Run the followig training cell for the number of epochs we have specified. This will take about 10 minutes to run.

In [None]:
batch_size=128
history = model.fit(x_train, y_train,
                    batch_size=batch_size,
                    epochs=epochs,
                    verbose=1,
                    validation_split=0.1,
                    #callbacks=[tensorboard, early_stopping]
                   )

In [None]:
score, acc = model.evaluate(x_test, y_test,
                            batch_size=batch_size)
print('\n')
print('model.metrics_names:', model.metrics_names)
print('Test score:', score)
print('Test accuracy:', acc)

In [None]:
score2= model.predict(x_test, batch_size=batch_size)
print('Sentiment value:', score2)

In [None]:
print('label:', y_test)
y_test = y_test[:]

In [None]:
score2[score2>=0.5] = 1.
score2[score2 <0.5] = 0.


In [None]:
from sklearn.metrics import confusion_matrix
confusion_test = confusion_matrix(y_test, score2)
confusion_test

In [None]:
accu= (confusion_test[0][0]+confusion_test[1][1])/confusion_test.sum()
neg_prec = confusion_test[0][0]/(confusion_test[0][0]+confusion_test[1][0])
neg_recall = confusion_test[0][0]/confusion_test[0].sum()
print('accu : ',accu)
print('neg_prec : ',neg_prec)
print('neg_recall : ',neg_recall)

### Exercise 1

The score is better, but not much.

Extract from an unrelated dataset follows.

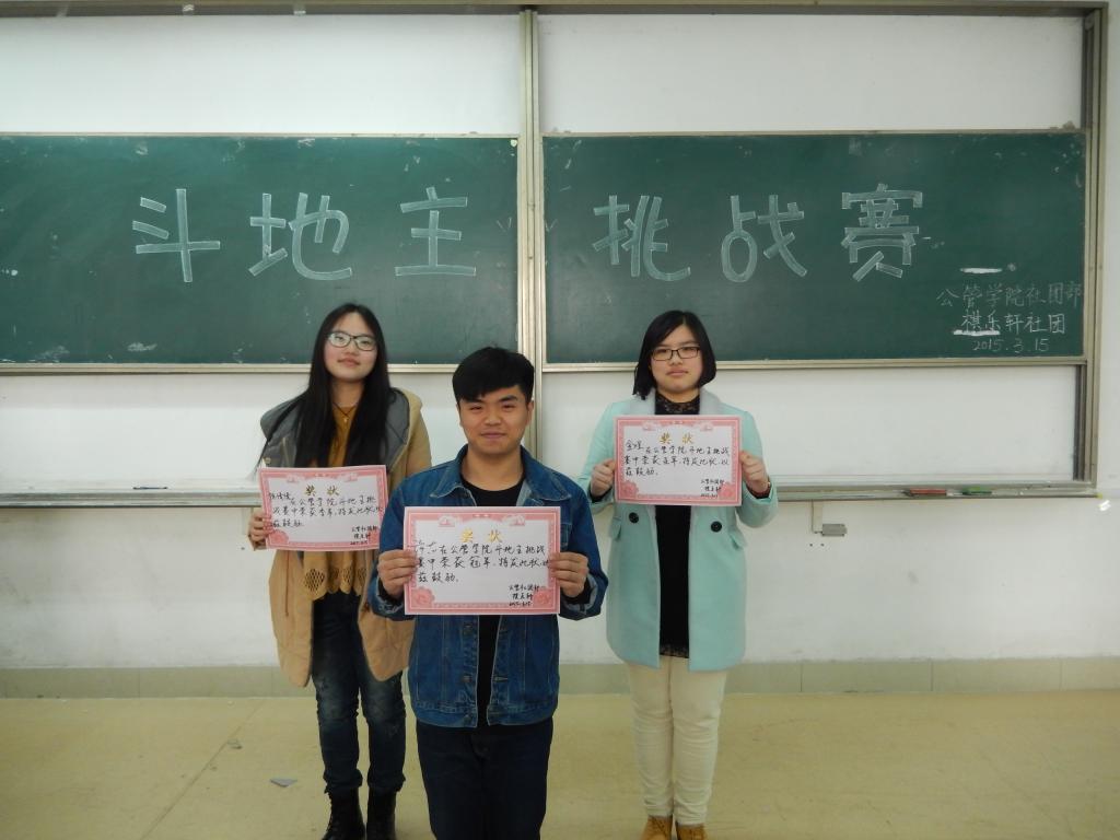 3月15日,英国365集团于长清湖校区综合教学楼C区119教室开展斗地主大赛,本次大赛由院社团部、棋乐轩社团联合举办。2013级和2014级二百余名同学踊跃报名,比赛中各位选手激烈角逐、一展风采。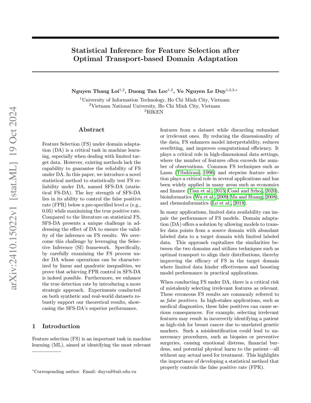 Feature Selection (FS) under domain adaptation (DA) is a critical task in machine learning, especially when dealing with limited target data. However, existing methods lack the capability to guarantee the reliability of FS under DA. In this paper, we introduce a novel statistical method to statistically test FS reliability under DA, named SFS-DA (statistical FS-DA). The key strength of SFS-DA lies in its ability to control the false positive rate (FPR) below a pre-specified level (e.g., 0.05) while maximizing the true positive rate. Compared to the literature on statistical FS, SFS-DA presents a unique challenge in addressing the effect of DA to ensure the validity of the inference on FS results. We overcome this challenge by leveraging the Selective Inference (SI) framework. Specifically, by carefully examining the FS process under DA whose operations can be characterized by linear and quadratic inequalities, we prove that achieving FPR control in SFS-DA is indeed possible. Furthermore, we enhance the true detection rate by introducing a more strategic approach. Experiments conducted on both synthetic and real-world datasets robustly support our theoretical results, showcasing the superior performance of the proposed SFS-DA method.

You can improve it dramatically, just try add some layers, or tweak some hyperparams. Be creative! Your goal is to reach 0.75 on this dataset, but it is not the maximum achievable limit, just a metric in the time you have to complete this lab. 

Once we can do text classification then many identification tasks open up to apply the same approach on. One example is [MBTI][https://www.kaggle.com/datasnaek/mbti-type) where people's personalities can be divided into 16 different types. The dataset includes writing samples from each of the personality types. 

### Exercise 2

Take home exercise to use the kaggle dataset to see if people's personality can be discerned based on the online written samples.